HOW TO COMPLETE THIS TASK: Would you write out each line of the material below exactly, skipping every picture?

SUPPLIED MATERIAL:
-*-*-
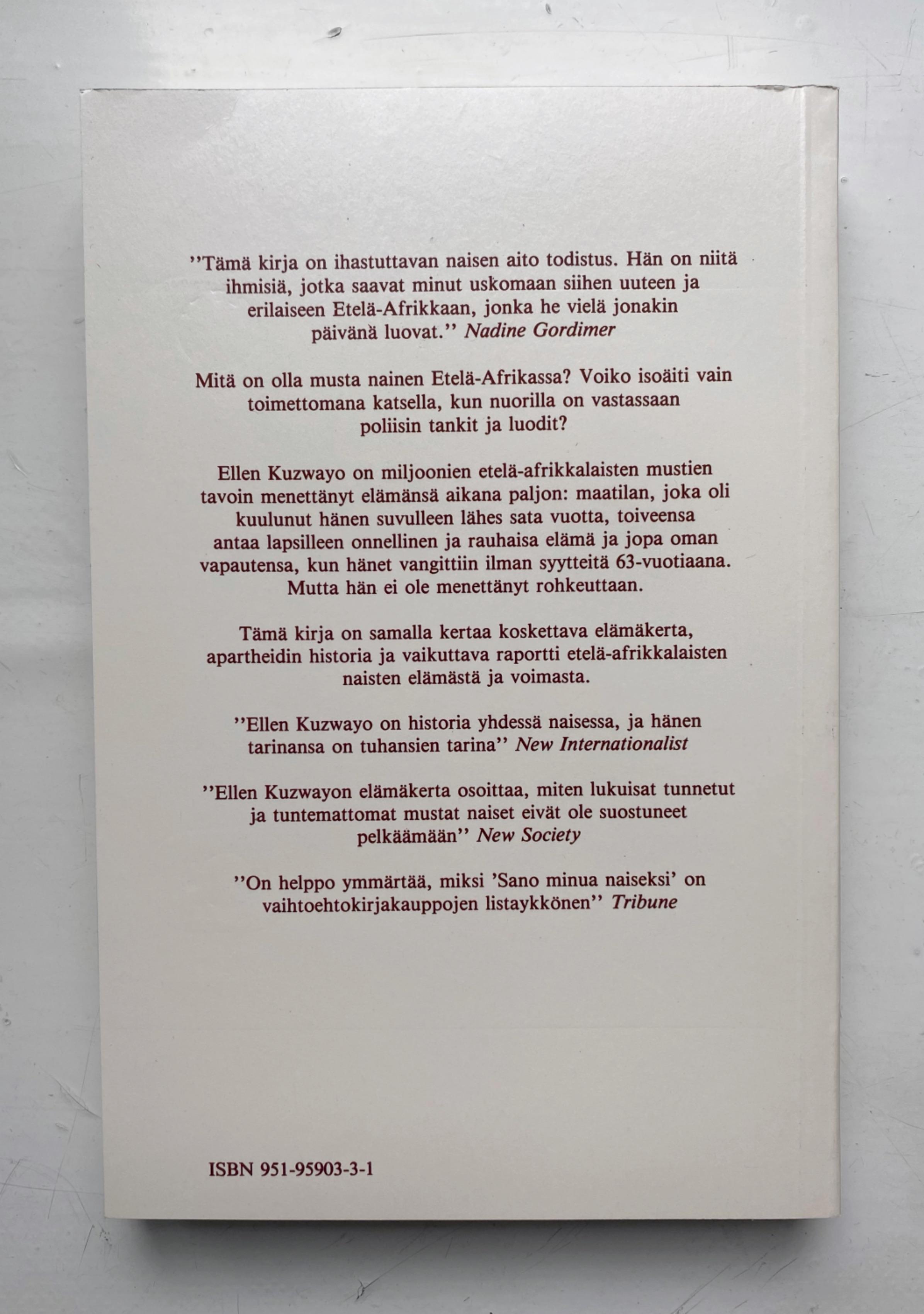 Naisten Kulttuuriyhdistys ry:n julkaisema romaani vuodelta 1985.
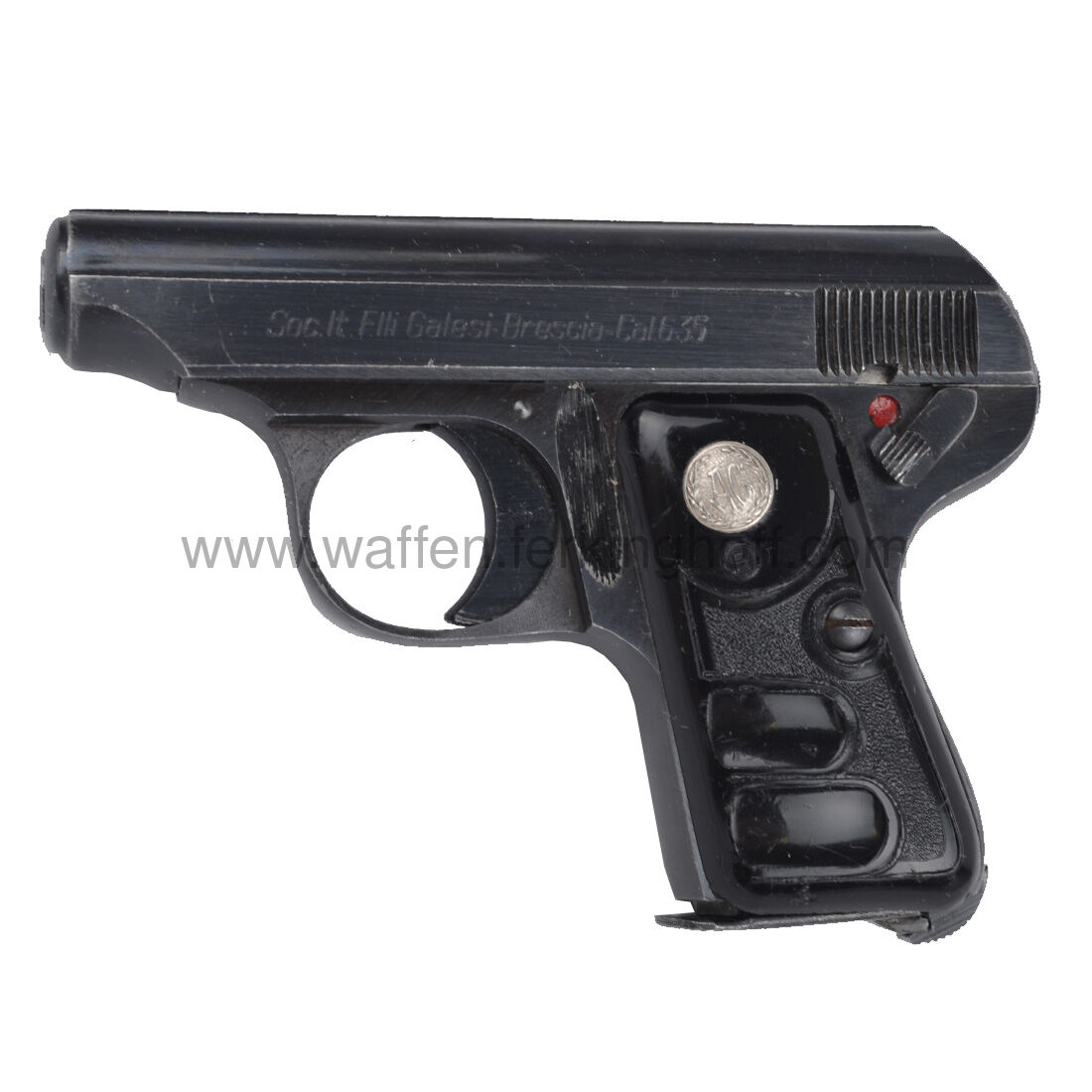 Caliber 6.35mmBrowning, se.Pistol Armi-Galesi Brescia Italy Model Brevetta Mod.9 Black, barrel length 6cm/2.36", with 1/one magazine 7 rounds, Code XXV, Original Proof Test Brescia Italy, serial number on the slide instead of frame, Cal. 6.35 on the slide instead of Brevetta Mod.9, markings on frame left removed, Used and Collector Gun Condition 2.
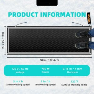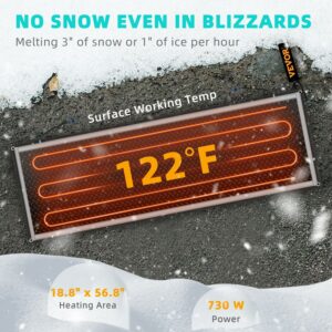 – Keep Your Walkways Snow-free: Rather than waste time hurting your back and spreading salt on snow by yourself, why not make life easier, and choose our 20″ x 60″ snow melting mats instead It will clean your walkways quickly at a jaw-dropping snow-melting rate of 3 in/h and heating temperatures of 122 , ideal for most surfaces like concrete, asphalt, stone, and wood decks. Make this winter pain-free.
-*-*-
ANSWER AREA:
 Naisten Kulttuuriyhdistys ry:n julkaisema romaani vuodelta 1985.
 Caliber 6.35mmBrowning, se.Pistol Armi-Galesi Brescia Italy Model Brevetta Mod.9 Black, barrel length 6cm/2.36", with 1/one magazine 7 rounds, Code XXV, Original Proof Test Brescia Italy, serial number on the slide instead of frame, Cal. 6.35 on the slide instead of Brevetta Mod.9, markings on frame left removed, Used and Collector Gun Condition 2.
 – Keep Your Walkways Snow-free: Rather than waste time hurting your back and spreading salt on snow by yourself, why not make life easier, and choose our 20″ x 60″ snow melting mats instead It will clean your walkways quickly at a jaw-dropping snow-melting rate of 3 in/h and heating temperatures of 122 , ideal for most surfaces like concrete, asphalt, stone, and wood decks. Make this winter pain-free.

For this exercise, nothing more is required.